Seamus Coleman has revealed the extent to which he felt guilty that he couldn't be there for club and country during his 10-month lay-off with a broken leg.
The 29-year-old was laid up recuperating for most of 2017 after his leg was shattered in a collision with Wales fullback Neil Taylor in a fateful World Cup qualifier in March last year.
In his absence, Ireland saw their chance to qualify for this month's World Cup Finals evaporate in their play-off with Denmark and, along with Everton's top-four and Europa League hopes, Ronald Koeman's reign at Goodison Park collapsed amid a torrid run of form in the autumn.
While the determination to fully heal and prove wrong “the naysayers” who said he wouldn't be the same player afterwards fuelled his recovery, he admits that he was wracked by an unfulfilled sense of duty to his two teams when they needed him most.
“There was a massive sense of guilt,” Coleman told the Irish Examiner. “Throughout my whole injury, the Denmark second leg was the hardest night because I was so gutted and felt a fully-fit me could have made a difference.
“It was heartbreaking to see James McClean afterwards; he was in bits. I know that's not the way I should feel but I did. I felt guilty when Ronald Koeman lost his job, believing I could have helped had I been around.
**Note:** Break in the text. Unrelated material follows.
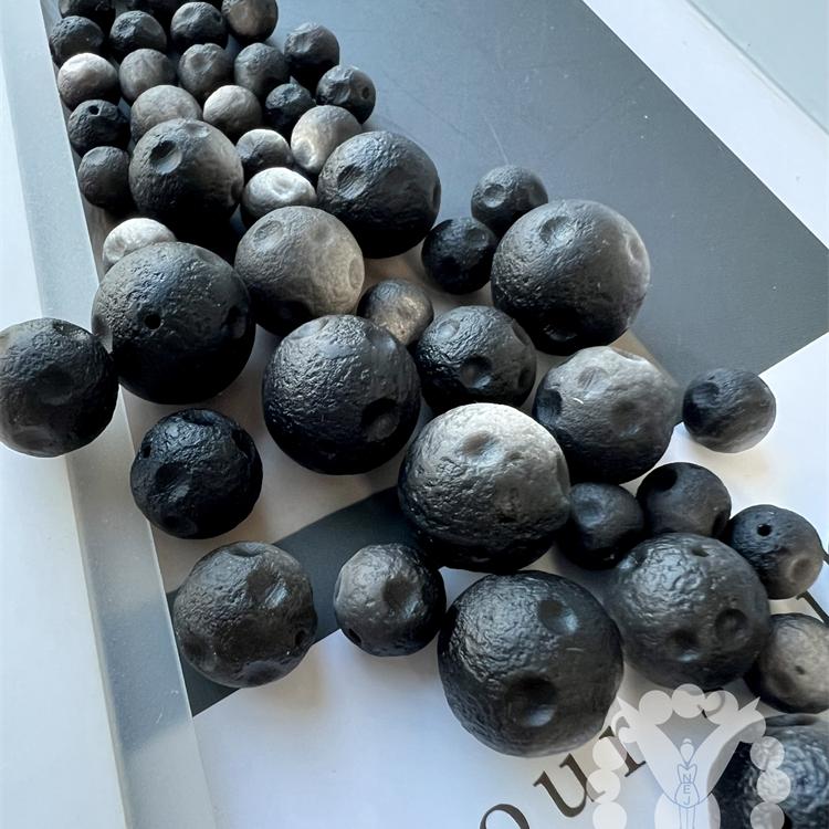 天然猫眼银沙黑曜石单颗珠雕刻陨石男女宇宙哑光diy配饰散珠ins潮

Nowadays, to players, managers are just come-and-go but I don't like seeing people losing their jobs.
“Ronald Koeman did a lot for my career and showed great commitment by flying over to Donegal after I got the injury.”
Coleman made a rousing return to action in January, playing an adrenaline-fuelled 90-minutes in his first game back against Leicester City but was understandably rusty at times as Everton's season fizzled out under Sam Allardyce.
He admits that he needs to regain his match sharpness, something he will get a chance to hone during a pre-season unencumbered by the World Cup in Russia where he will be introduced to new Blues boss, Marco Silva.
“I want to get back to where I was at and though I'm physically there, I still need to regain my sharpness,” he continued. “I had five or six chances for Everton during my games towards the end of the season that I should have did better with.
“I've spoken to David Meyler about the new manager whom he played under at Hull City and, by all accounts, he's very good.”
“We've to go back and show our worth to him which I find tricky because it shouldn't take a new manager to come in for you to make people step up their game.”